Je joins cette petite note présentant mon travail de recherche sur le concile.

« L’EGLISE ET LE MONDE DE CE TEMPS ». De 1962 à 1965, le Concile Vatican II renouvelle l’Eglise catholique. Durant ce concile, les théologiens ont la parole. Ils veulent avec force instaurer un dialogue entre l’Eglise et le monde. La constitution pastorale Gaudium et Spes en est l’initiatrice et le pivot. L’apport de dominicains français de la « nouvelle théologie » (Chenu, Lebret, Congar, Liégé…) est alors décisif.

En interrogeant les sources d’archives et leurs écrits de cette époque, nous cherchons à préciser quel est ce dialogue Eglise-Monde tant voulu ? Comment lui a-t-on donné cette place déterminante, et pourquoi ? Qu’est-ce que l’Eglise attend du monde et qui semble si important ? Et inversement, qu’est ce que le monde peut attendre de l’Eglise après deux mille ans ? Pendant le Concile, sur quelles bases ces dominicains français ont-ils pu convaincre les pères conciliaires ?
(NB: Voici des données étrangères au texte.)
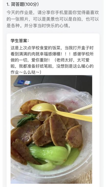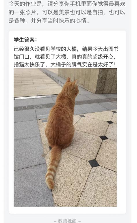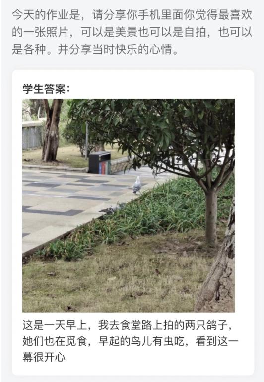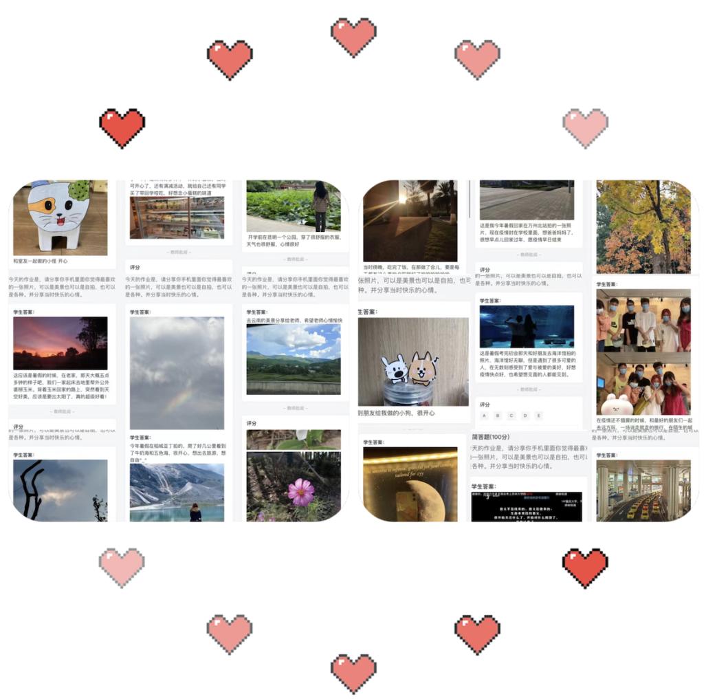 “教者有心,学者得益”。自11月初开展线上教学以来,教师如何优化学生作业设计,如何及时批改和评价反馈学生的作业显得尤为重要。我校某教师为了关心学生的身心健康有效舒缓学生疫情在校期间的不良情绪在完成了本周的教学任务后特意给学生布置了一道温暖的”云端作业”作业题目是请分享你手机里面你觉得最喜欢的一张照片可以是美景也可以是自拍也可以是其他并分享当时快乐的心情随后学生们纷纷上传了自己心中最喜欢的一张照片并纷纷讲述了照片背后的美好故事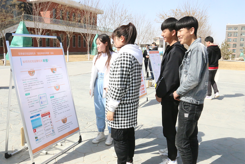 2019年3月21日下午15時,武威職業(yè)學(xué)院開展了“信訪舉報(bào)宣傳周”活動。市紀(jì)委派駐市教育局紀(jì)檢組車旭如、學(xué)院紀(jì)委書記張富國參加了活動。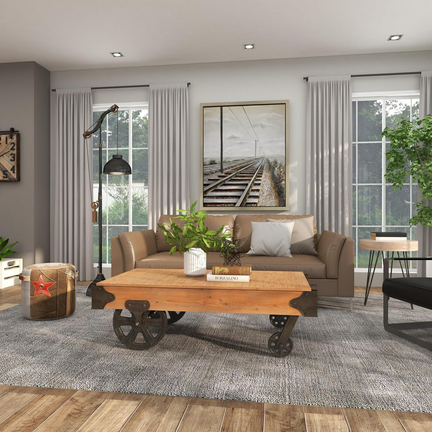 - An industrial inspired design provides a reclaimed feel to your home with a sophisticated comfort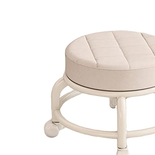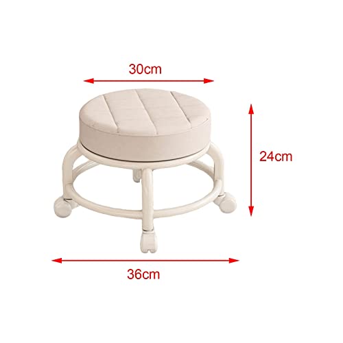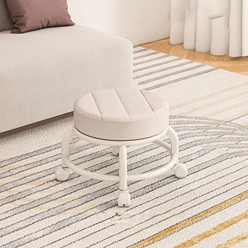 F Fityle - مقعد بعجلات من إف فيتالي، كرسي باديكير دائري منخفض بعجلات دوارة عالمية كرسي صغير مريح للمكتب، أبيض

Dans l’histoire de la  fabrication  de Vatican II, la constitution pastorale joie et espérance a donc une place particulière. Dans cette même histoire, Marie-Dominique Chenu, op, historien, a aussi une place particulière. Pour lui ce texte permet de tenir ensemble tout l’apport de l’unique Concile du XXème siècle à l’Eglise, comme s’il en était « la clé-de-voûte ». L’apport de Louis-Joseph Lebret, op, économiste, est aussi décisif. Il a une vision synthétique des enjeux du développement tel que les connaissent les différentes régions du monde au début des années soixante. Bien-sûr, le rôle et la compétence d’Yves Congar sont déterminants pour faire saisir ces enjeux à l’assemblée conciliaire. Et d’autres encore…

A l’occasion des cinquante ans de la rédaction de ce texte dont la méthode d’analyse historique et théologique n’a pas vieillie, redécouvrons la pertinence et l’inspiration de cette avancée capitale de ce texte prophétique pour l’Eglise et pour le monde de ce temps.